On Wed, Nov 4, 2009 at 3:18 PM, Marcel Keller <mkel...@cs.au.dk> wrote:
> Claudio Orlandi schrieb:
>>
>> On Wed, Nov 4, 2009 at 10:15 AM, Marcel Keller <mkel...@cs.au.dk> wrote:
>>>
>>> Claudio Orlandi wrote:
>>>>
>>>> On Wed, Nov 4, 2009 at 5:46 AM, Marcel Keller <mkel...@cs.au.dk> wrote:
>>>>>
>>>>> Hi Claudio and Jesper,
>>>>>
>>>>> In the code review of the OrlandiRuntime we found two points, we want
>>>>> to
>>>>> discuss with you.
>>>>>
>>>>> Step 3 of the triple generation protocol says: Coin-flip a subset
>>>>> \fancy_T
>>>>> \subset \fancy_M of size \lambda(2d + 1)M. The current implementation
>>>>> loops
>>>>> over the elements in \fancy_M and decides fifty-fifty for every element
>>>>> whether it should by in \fancy_T until there are enough elements in
>>>>> \fancy_T. I however think that this choice should be biased according
>>>>> to
>>>>> the
>>>>> size of \fancy_M and \fancy_T, i.e. every element of \fancy_M should be
>>>>> put
>>>>> in \fancy_T with probability \lambda(2d + 1)M / (1 + \lambda)(2d + 1)M
>>>>> =
>>>>> \lambda / (1 + \lambda). Furthermore, I think the probability should be
>>>>> updated whenever \fancy_M is processed completely and \fancy_T still is
>>>>> not
>>>>> big enough. Maybe it would be easier to choose \lambda(2d + 1)M  times
>>>>> a
>>>>> random element of the remaining ones in \fancy_M instead.
>>>>
>>>> So you could loop the elements of M and include them in T with
>>>> probability \lambda/(1+\lambda), but then you're not guaranteed that
>>>> you have enough triplets left in M.
>>>
>>> Exactly, that's why I suggested the solution which in that case would
>>> restart with an adapted probability.
>>>
>>>> Choosing the right number of
>>>>
>>>> random elements from M and include them in T is the right choice (or
>>>> any solution that guarantees the size of M \ T to be 2(2d+1)M --- I
>>>> don't know if the typo is in your email or in Step 3, but the size of
>>>> the set M should be (1+\lambda)2(2d+1)M --- you miss a 2.
>>>
>>> I think the 2 is missing in your report and the code.
>>>
>>
>> Wow. Then it really shouldn't work!
>> The factors are:
>> 1+lambda : because in the test we check a fraction lambda/1+lambda of
>> the triplets
>> 2 : because there is a test to check the correctness of the triplets
>> that burns one triplet to ensure the other one is good
>> 2d+1: because we do the shamir secret sharing multiplication
>
> Isn't the burning already done in TripleTest, so you really have just
> (lambda+1)(2d+1)M triples when doing coin-flipping for the test set?
>

Oh that's fine.
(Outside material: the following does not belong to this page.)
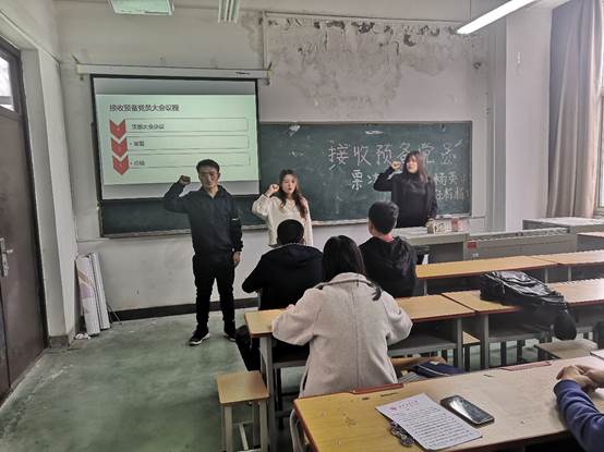 大会首先由支部书记高珊发表讲话。高老师首先指出了大家在党支部规模不断壮大的同时应更加注重保持党员的先进性,时刻严格要求自己。同时,高珊希望本次的发展对象能够端正入党动机,做好接受党组织考验的准备。随后,2名发展对象杨英和任栋栋依次上台讲述了自己的入党动机、入党历程和对党的理解和认识,同时结合自己的实际情况表达了自己加入中国共产党的决心和强烈愿望。在发展对象讲述完毕之后,作为入党介绍人的正式党员和群众代表发表了对发展对象的意见。在最终的投票表决阶段,各发展对象都顺利通过了现场正式党员半数以上的投票。然后支部预备党员表明决心坚决服从组织,继续努力,全心全意为人民服务。

It would also be fine to do the test set first and the
TripleTest after. Sorry for the confusion.

>> I guess at some point I should also give a look at the code...
>>
>>>>> In step 6, the implementation generates a distributed random number in
>>>>> Z_p
>>>>> to determine a partition where one element should be put if there is
>>>>> still
>>>>> space there. I suggest to use the randomness more efficiently to save
>>>>> communication. E.g., if a random number in Z_p is smaller than M^l with
>>>>> l
>>>>> \le log_M(p), one can extract l random numbers in Z_M. The same method
>>>>> probably could be used in step 3 as well.
>>>>
>>>> Right. Actually if you want to save communication here you can also
>>>> use a PRG using the distributed random number as the seed.
>>>>
>>>>> Best regards,
>>>>> Marcel
>>>>>
>>>> If you have time, there are a lot of things that need to be done here.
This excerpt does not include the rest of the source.